The Grand Semaine d'Aviation, held between 22 August and 29 August 1909, was sponsored by many of the leading makers of champagne including Moët et Chandon and Mumm and organised by a committee headed by the Marquis de Polignac. It was the first international public flying event and was seen both at the time and by later historians as marking the coming of age of heavier-than-air aviation. Almost all of the prominent aviators of the time took part, and the 500,000 visitors included Armand Fallières, the president of the French Republic and the British Chancellor of the Exchequer, David Lloyd George. British attendees included Lord Northcliffe (the newspaper publisher) (Note: Through prizes sponsored by the Daily Mail newspaper Northcliffe was a promoter of aviation) and General French (Note: Later Chief of the Imperial General Staff, and commander of the British Expeditionary Force at the start of the First World War) It was held on the plain of Bétheny, about 5 km north of Reims, which later became the Reims – Champagne Air Base. A large grandstand was constructed for the event, together with a row of sheds to accommodate the aircraft. Next to the grandstand was the "Popular enclosure", complete with an enormous scoreboard. Amenities for the spectators included a restaurant that could seat 600 people, an area of specially laid lawn with bandstands and flowerbeds, and a post office, from which 50,000 postcards were sent each day and nearly a million words dispatched by press correspondents. The spectator area was only a few hundred metres from the Laon-Reims railway line, and a temporary station was provided.

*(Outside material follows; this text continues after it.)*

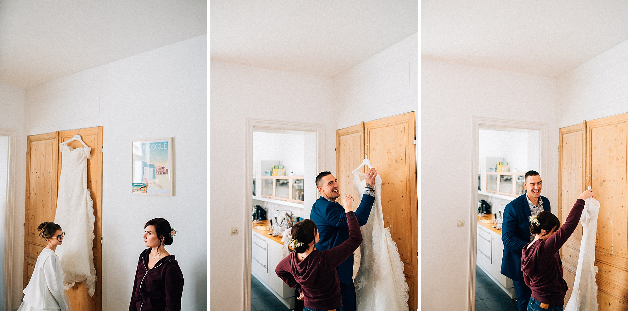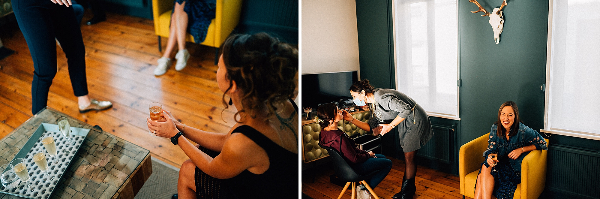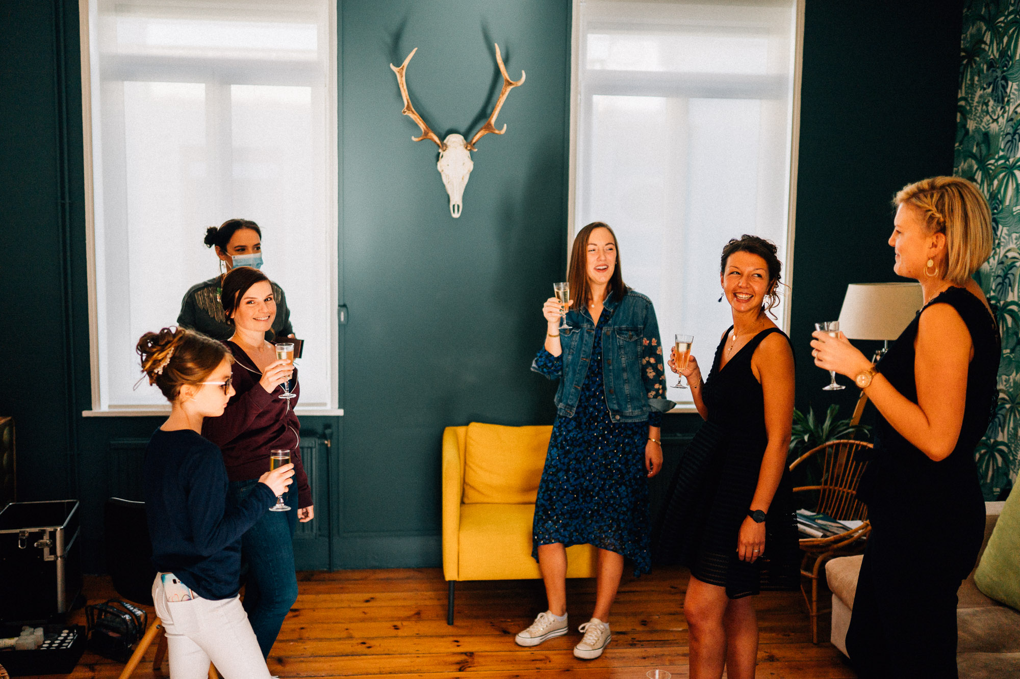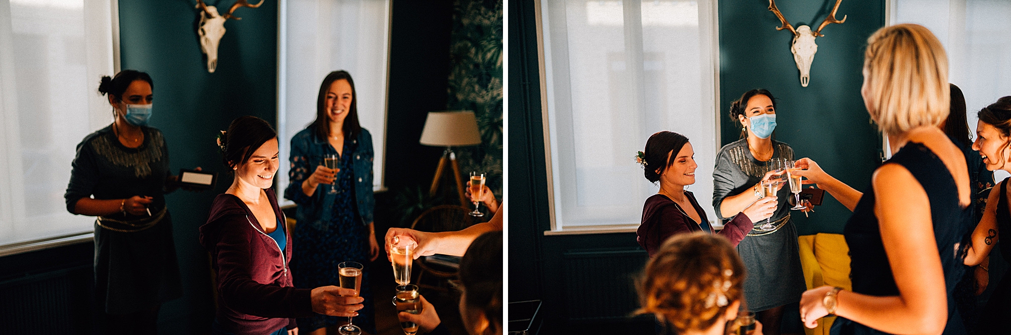 Elisa et Vincent, deux soignants, ont eux aussi modifié leurs plans ! Ces nouvelles conditions n’ont pas entaché leur fête. Une belle journée d’octobre, des préparatifs à Malo pour ensuite célébrer une cérémonie laïque au château de l’Afgand. Familles et proches étaient ravis de pouvoir se retrouver… Une ambiance qui nous a fait oublier le climat actuel.

A rectangular competition course of 10 km, marked by four pylons was set up for the various competitions, with the strip intended for taking off and landing in front of the grandstands, opposite which was the timekeepers hut, provided with a signalling system to indicate to the spectators which event was being competed for. Flying conditions were primitive: the area over which much of the flying was to take place was farmland: some of the crops under cultivation had not been harvested and where this had been done there were haystacks: more than one flyer was to fall foul of these obstacles.

==Events==
- Sunday 22 August — Contest to decide the French team for the Gordon-Bennett Trophy; Prix de la Vitesse, (day 1); Prix du Tour de Piste, (day 1); Prix des Aeronauts, (day 1).
- Monday 23 August — Grand Prix de la Champagne (day 1); Prix du Tour de Piste (day 2); Prix des Aeronauts (day 2) .
- Tuesday 24 August — Grand Prix de la Vitesse (day 2); Prix du Tour de Piste, (day 3); Prix des Aeronauts (day 3). This was the day of the presidential visit.
- Wednesday 25 August — Grand Prix de la Champagne (day 2); Prix du Tour de Piste, (day 4); Prix des Aeronauts (day 4).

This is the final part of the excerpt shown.